→ RAW DATA
▼
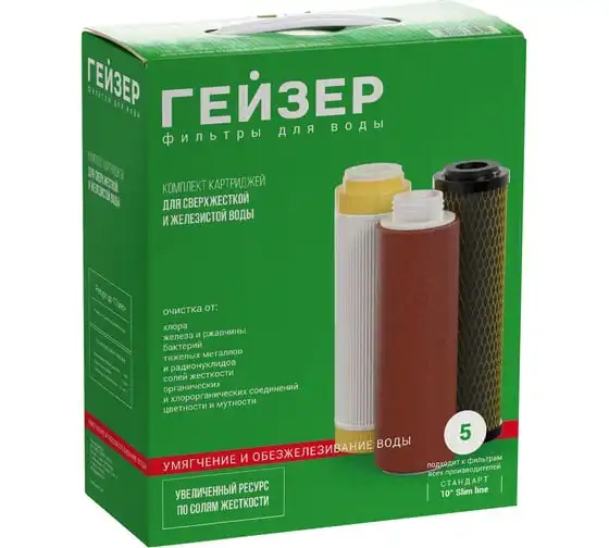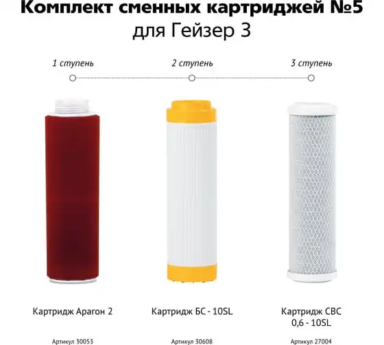 Комплект картриджей №5 к фильтрам для воды Гейзер 3 (для сверхжесткой воды) Гейзер 50009
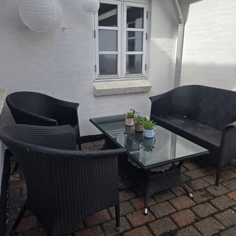 Flot og hyggeligt loungesæt i beige, perfekt til altan, terrasse eller udestue.
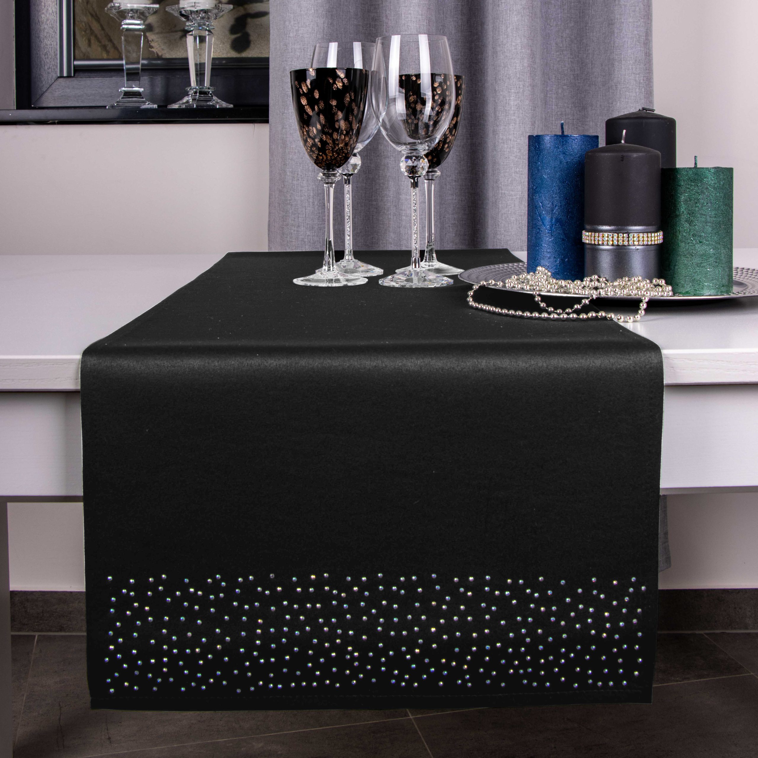 Pasy doskonale pasują do większości salonów i jadalni, ale znajdą również zastosowanie w restauracjach, hotelach oraz kafejkach. Ich niepowtarzalny wygląd idealnie komponuje się z kontrastującymi dodatkami takimi jak zastawa stołowa, sztućce czy świeczniki. Pasy zdobione są na obu końcach kryształkami.
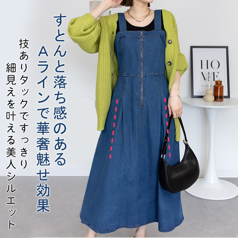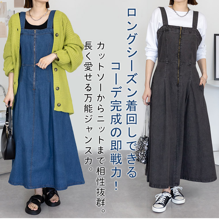 ジャンパースカート ジャンスカ ロング丈 マキシ丈 LL 3L 4L 5L 春 春物 春服 ぽっちゃり ゆったり プラスサイズ カジュアル かわいい おしゃれ ナチュラル 【取】 【新作◆1月25日販売】 フロント Zip ジャンスカ | 大きいサイズの通販ならハッピーマリリン
▲
→ EXERCISE DIRECTIONS
Please output the listing above exactly from its first line through the line with "Flot og hyggeligt", both included, and nothing beyond that line. Omit pictures.

→ OUTPUT OF THE EXERCISE
 Комплект картриджей №5 к фильтрам для воды Гейзер 3 (для сверхжесткой воды) Гейзер 50009
 Flot og hyggeligt loungesæt i beige, perfekt til altan, terrasse eller udestue.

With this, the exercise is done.